On Saturday night, we went to go watch Raiders of the Lost Ark at Dolores Park. We love the idea of seeing movies in the park and couldn't think of a movie more perfect for such a showing. But as soon as we got there, we realized that in seeing the movie outside at the park, we were going to have to deal with our least favorite aspect of communal events, that being other people. We hate other people.
Behind us was Film Geek guy who spent the entire night dazzling his fawning girlfriend with his amazing ability to discover plot holes. In front of us was some woman who just couldn't get warm no matter how hard she tried. She'd shift around in her chair, lie down and then sit back up, and add layer after layer of clothes. The moment we'd adjust to her adjustment, she'd adjust herself once again. Then there were the gaggle of girls a little bit farther ahead of us. As far as we could tell, they didn't watch any part of the movie and spent the entire two hours having rather animated conversations and gossiping. Besides angering our inner cineaste ("this is the scene where all the faces melt, how could you not watch!?") we just couldn't get over the fact that it didn't occur to them that if all they wanted to do was talk and drink wine, doing so in a huge park full of maybe a thousand people watching a movie might not be the best place for it. It didn't help that one of the girls, the one directly in our line of view, would move back and forth between leaning in to share some particularly juicy insight or lean back to laugh in hysterics at her friend's bon mots every other minute. We had finally adjusted to the lady right in front of us for the umpteenth time only to have the girl move in and out of our line of sight.

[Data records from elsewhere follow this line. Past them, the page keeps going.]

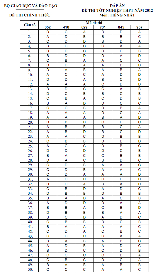 Đáp án đề thi tốt nghiệp THPT tiếng Nhật hệ Phổ thông năm 2012
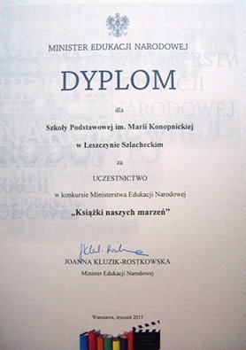 W grudniu 2014 roku uczniowie naszej szkoły przystąpili do konkursu „Książki naszych marzeń”, który był organizowany przez Ministerstwo Edukacji Narodowej. Uczniowie wytypowali utwory, o przeczytaniu których marzą. Tak została stworzona lista zawierająca 38 tytułów. Najczęściej są to pozycje z kanonu lektur szkolnych. Ponadto uczniowie klasy V nagrali film na temat „Nasza szkoła powinna dostac wymarzone książki, bo…”.
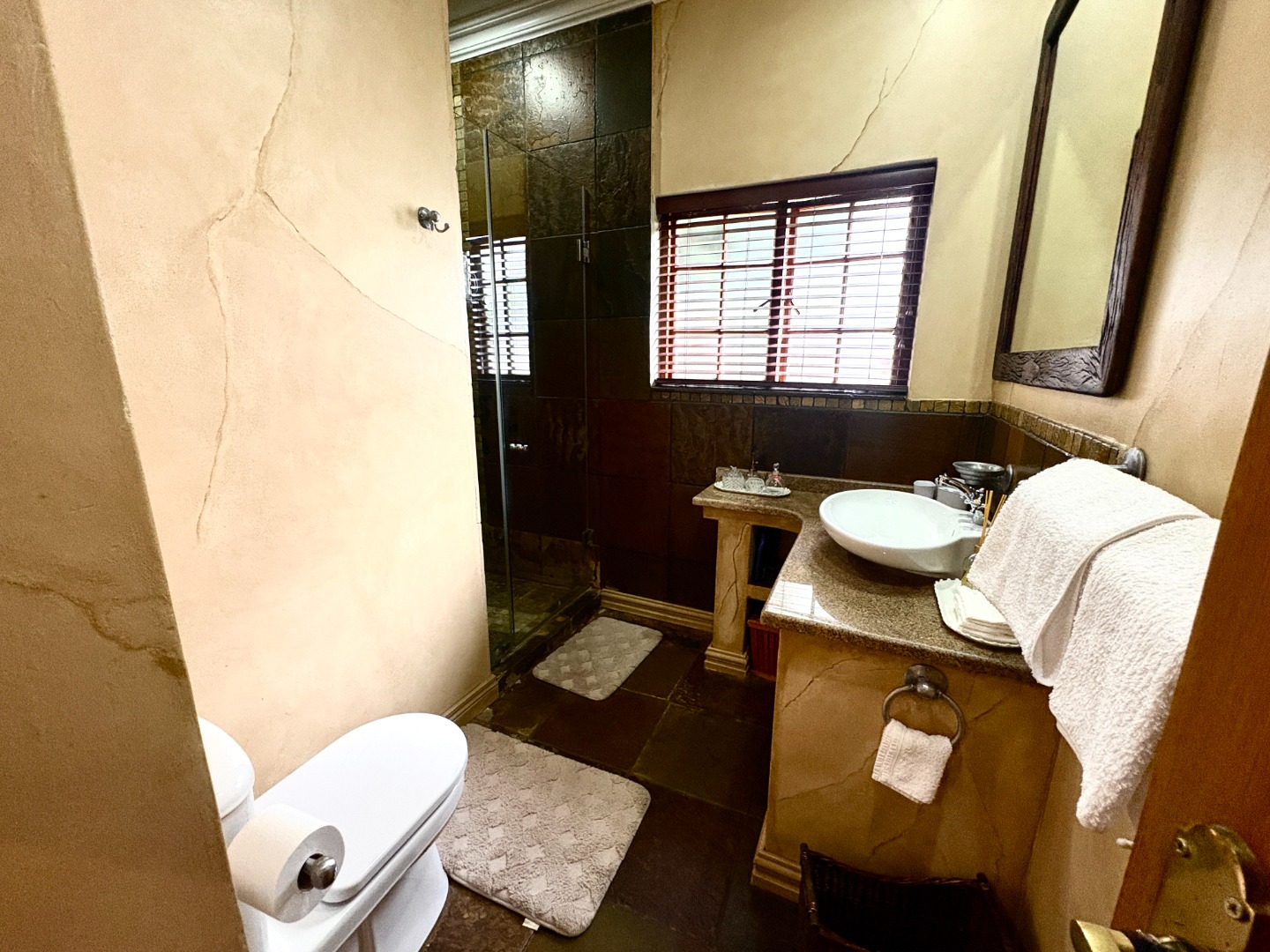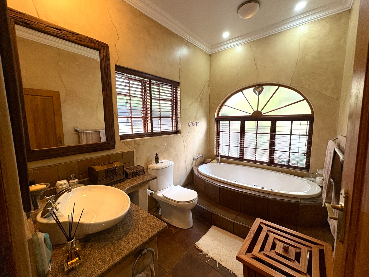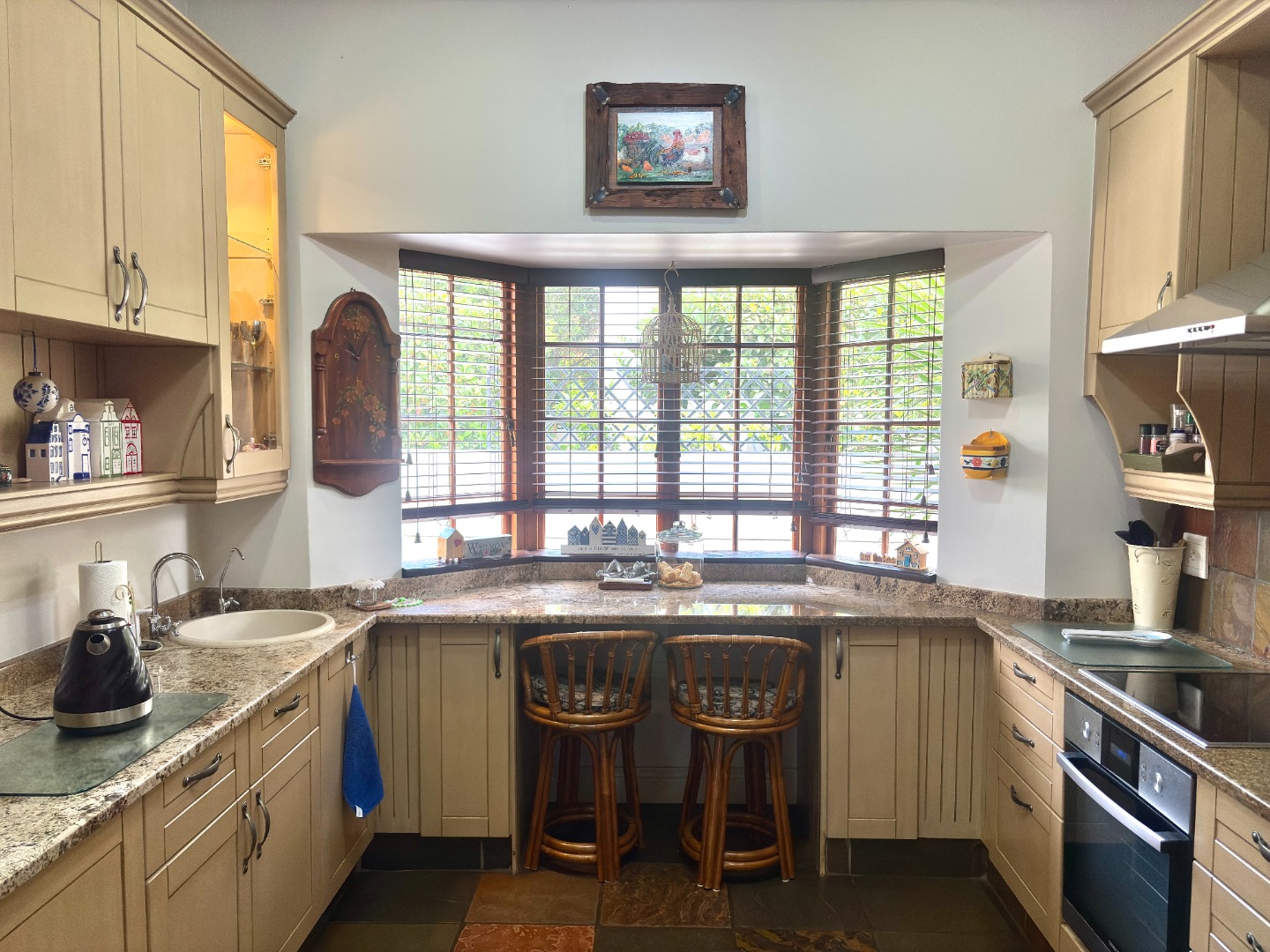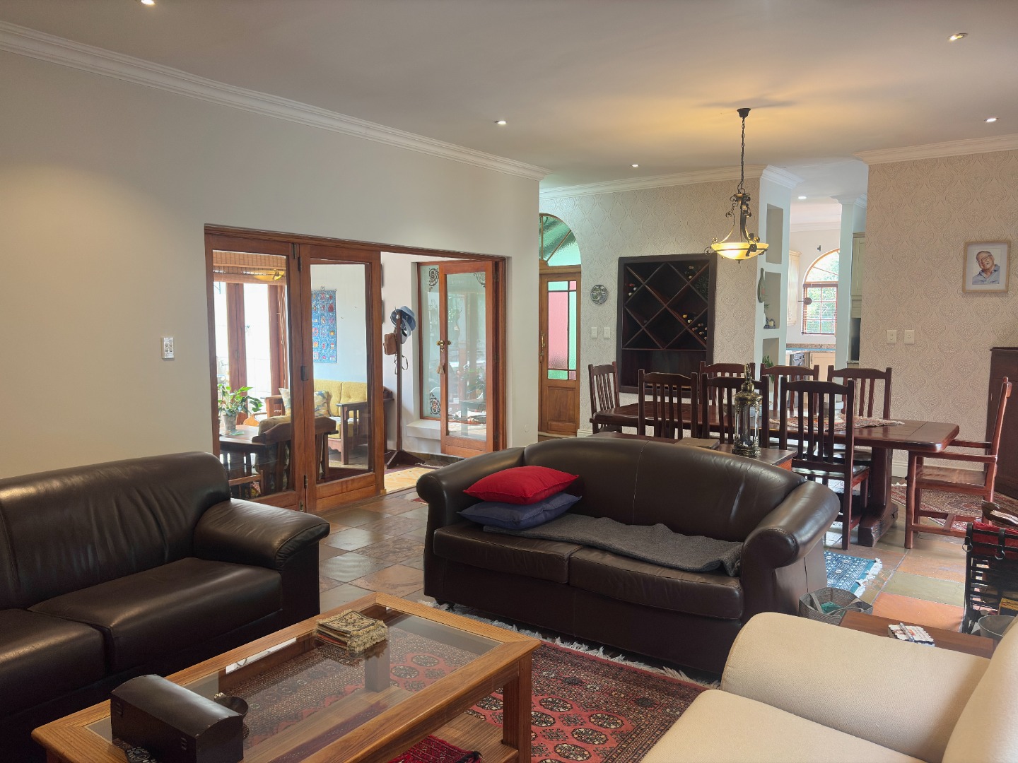 The heart of the home is a well-appointed kitchen featuring a pantry, microwave cut out, electric stove and oven, space for a double fridge, and a separate scullery with room for two appliances and direct access to a courtyard, designed with both practicality and convenience in mind.
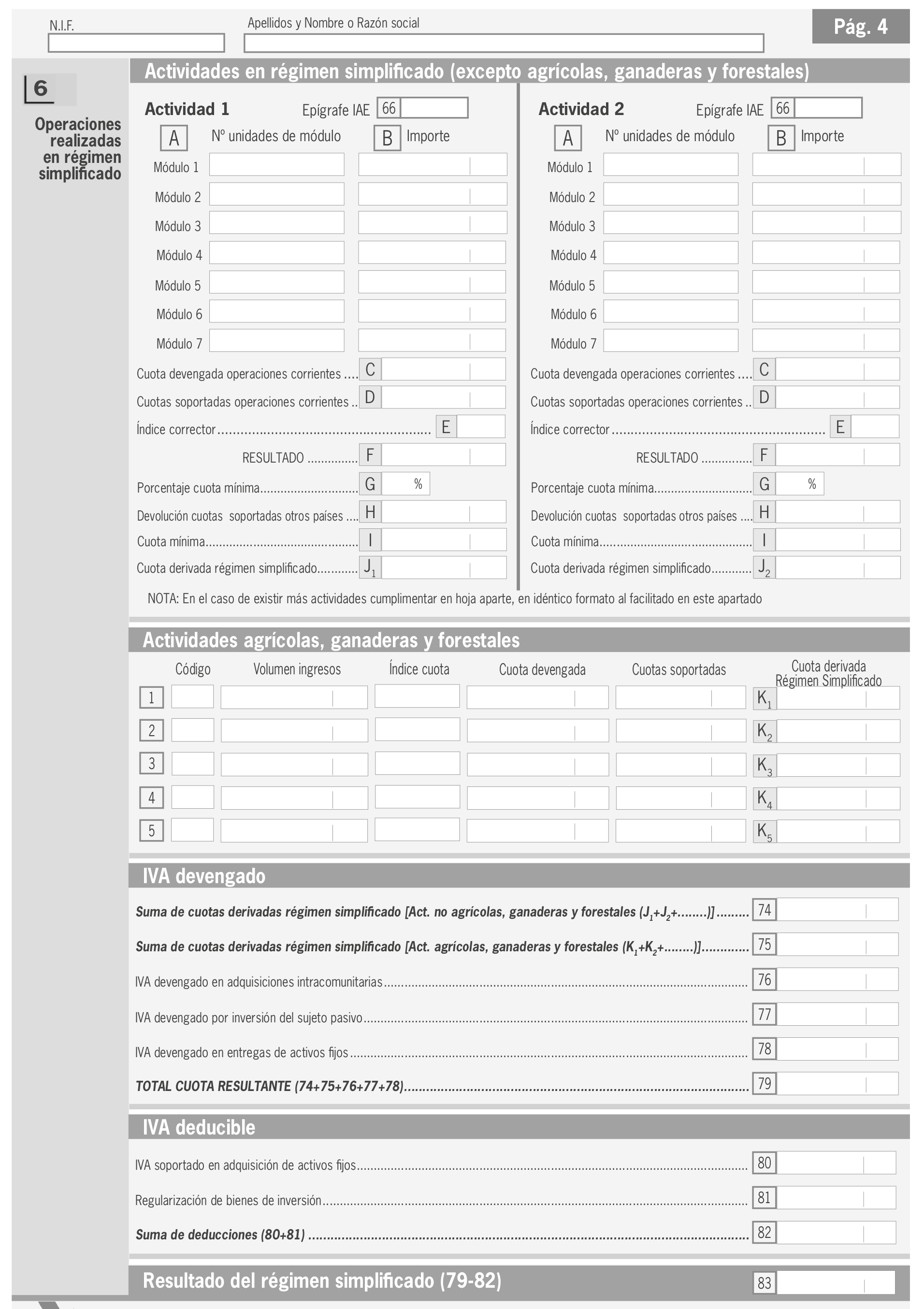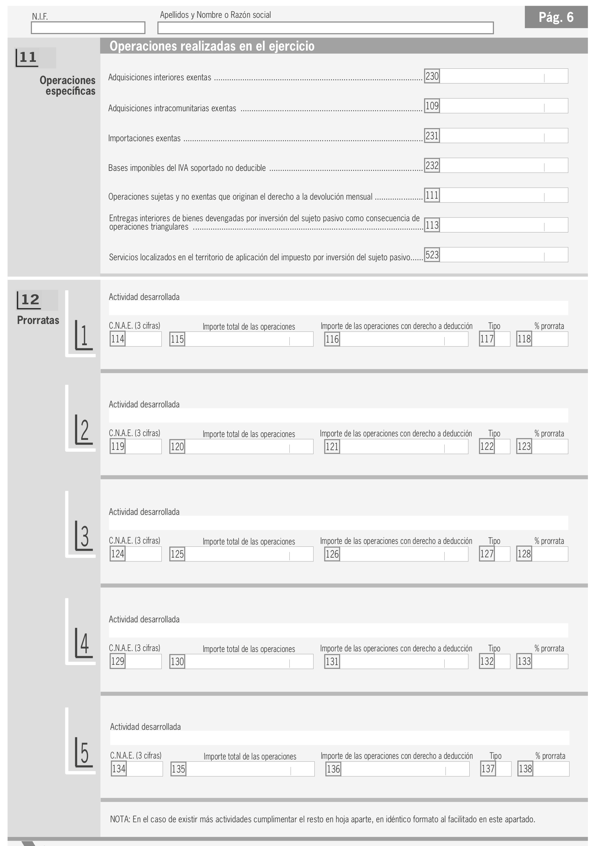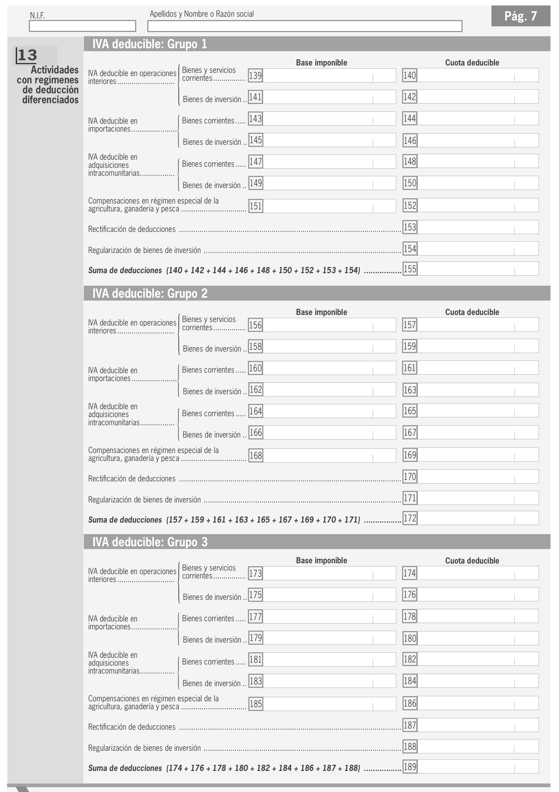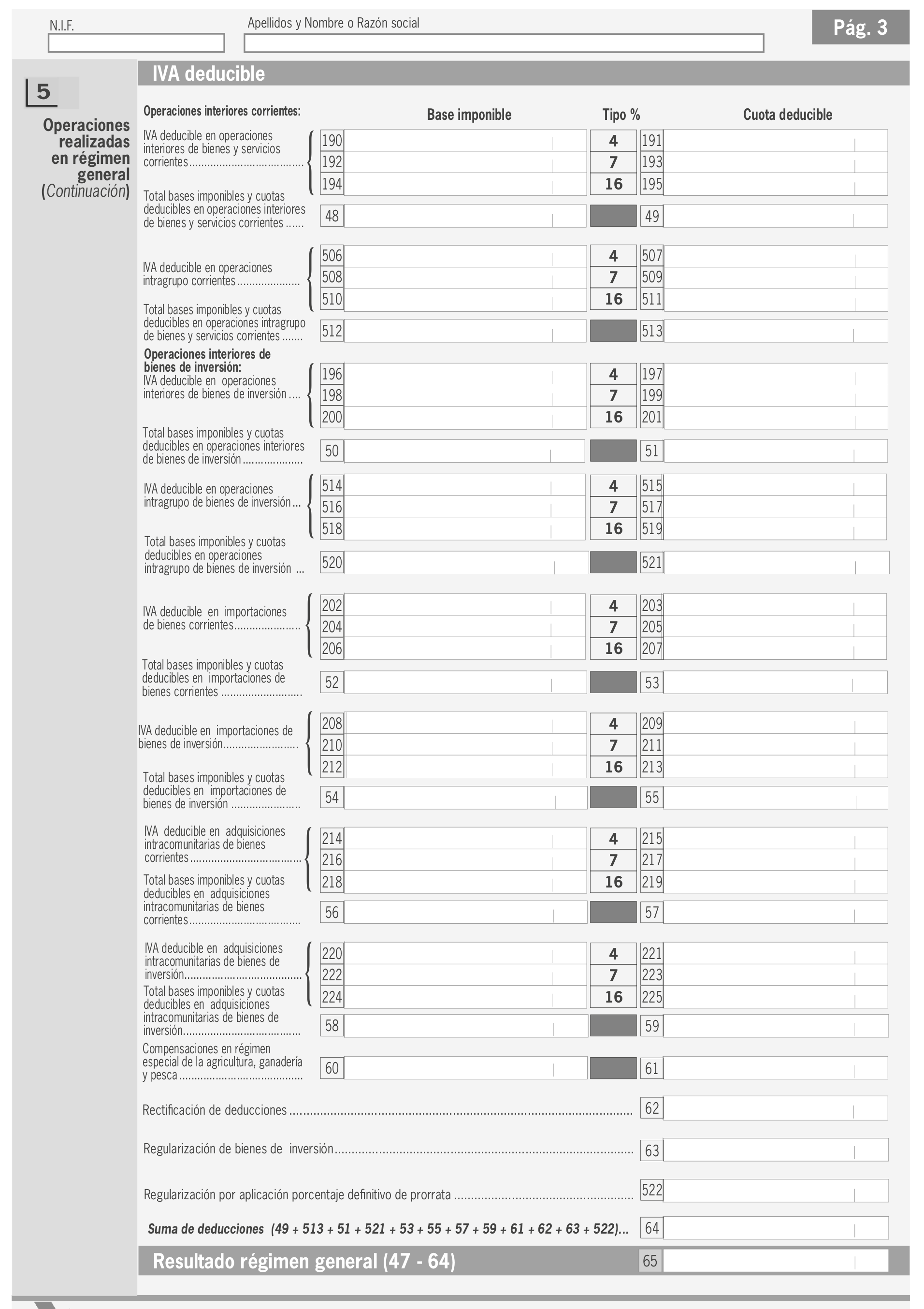 En el modelo se debe distinguir entre IVA soportado en operaciones corrientes y en bienes de inversión.

And yes, we're cranky, bitter old men. If we were smart, we'd organize some sort of neighborhood group that would complain about all the increased traffic and noise into our neighborhood and how showing movies in Dolores Park just isn't Mission enough and might bring in people who don't live in the Mission. Maybe even people from Walnut Creek!
But we won't. Because it was still pretty darn cool and we still had a great time. In fact, we can't wait for October's showing of Young Frankenstein.



Why don't you just tell them to shut the f**k up? Loudly and meanly. You'd be amazed how effective this is.
Well, damn, ya'll should have gone to the Paul Reubens' day festivities instead.
People in San Francisco complain and whine too much.
I have to agree with bluecanary on getting the girls to shut up. It's most effective coming from a man but I've used it with and without the swear words, depending on the situation. Using an angry/outraged tone is key.
I had the same experience at the Airplane screening a few months ago -- infuriating! The secret is to get there wicked early so you can sit close to the screen, amongst other polite folks who are there to watch rather than chat.
And I have a feeling that yelling "shut up" would have invited additional grief.
Shoot, I bungled the bit about the girls in front of me. I actually couldn't hear them as they weren't that close to me and they did make an effort to be not so loud. But what they did do is keep moving in and out of my line of vision and you know how something that shouldn't be that big of a deal increasingly becomes that big of a deal because you get fixated on it and fixated on it until it's all you could think about? That's how it was.
And just to be clear, I still had a great time and thank the people who put it together.
I agree -- tell 'em to shut up, sit down. Central to The American Way is that everything is permissible except that which is not, as opposed to nothing being permissible except that which is.
In other words, people will do anything they feel like, until someone tells them it's wrong. See: smoking, employing children, driving Hummmers, etc.
So tell 'em to "shut the f*** up" so they know their fellow human beings aren't havin' any of it.
it's so west coast to not confront people on this type of rude behavior. i'm from the northeast, and we tell people to shut up when they talk at an event like this. i was at the movie as well and was too far back and was stuck next to talky mctalkerson and his blanket-mates (who seemed to be getting a bit tired of his mouth as well) and sadly after a year+ here my natural inclination to get the talkersons to shaddap has vanished. but then i've seen raiders so many times that i didn't need the sound as much.
still, i think californians need to learn to be a bit more direct. it's one thing to be laid back, it's another to enable a jerk to continue in his jerkitude.